> [Dataset section]
########################################

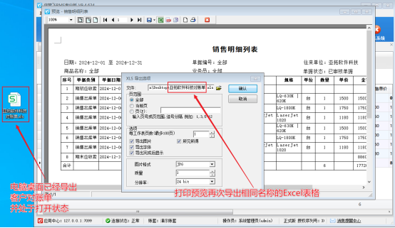 進銷存管理軟件、信管飛倉庫管理軟件、信管飛送貨單軟件、信管飛出納記賬軟件等軟件內(nèi)都提供的有打印預(yù)覽及打印功能,可以打印送貨單、送貨明細(xì)對賬單及各類統(tǒng)計報表。多數(shù)用戶除了打印送貨單,還會將送貨單或者送貨明細(xì)對賬單的打印預(yù)覽效果導(dǎo)出為Excel文件直接發(fā)給客戶與客戶進行對賬。遇到打印模板的打印預(yù)覽圖不能正常導(dǎo)出為Excel文件,該如何解決呢?下面我們以
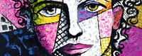 Eye Catching Vibe - Dit kleurrijke vrouw schilderij toont een vrouw met krullend haar, omringd door levendige kleuren zoals roze, geel en groen, waarbij haar expressieve ogen en lippen de aandacht trekken in een abstracte stijl.
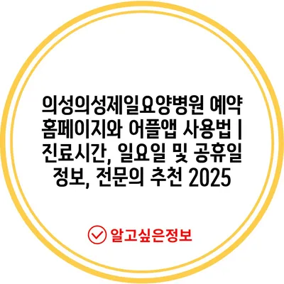 의성의성제일요양병원 예약 홈페이지와 어플앱 사용법 | 진료시간, 일요일 및 공휴일 정보, 전문의 추천 2025

########################################

> [How to complete this task]
Pass over the images and copy the rest of the material above exactly.

> [Exercise answer]
 進銷存管理軟件、信管飛倉庫管理軟件、信管飛送貨單軟件、信管飛出納記賬軟件等軟件內(nèi)都提供的有打印預(yù)覽及打印功能,可以打印送貨單、送貨明細(xì)對賬單及各類統(tǒng)計報表。多數(shù)用戶除了打印送貨單,還會將送貨單或者送貨明細(xì)對賬單的打印預(yù)覽效果導(dǎo)出為Excel文件直接發(fā)給客戶與客戶進行對賬。遇到打印模板的打印預(yù)覽圖不能正常導(dǎo)出為Excel文件,該如何解決呢?下面我們以
 Eye Catching Vibe - Dit kleurrijke vrouw schilderij toont een vrouw met krullend haar, omringd door levendige kleuren zoals roze, geel en groen, waarbij haar expressieve ogen en lippen de aandacht trekken in een abstracte stijl.
 의성의성제일요양병원 예약 홈페이지와 어플앱 사용법 | 진료시간, 일요일 및 공휴일 정보, 전문의 추천 2025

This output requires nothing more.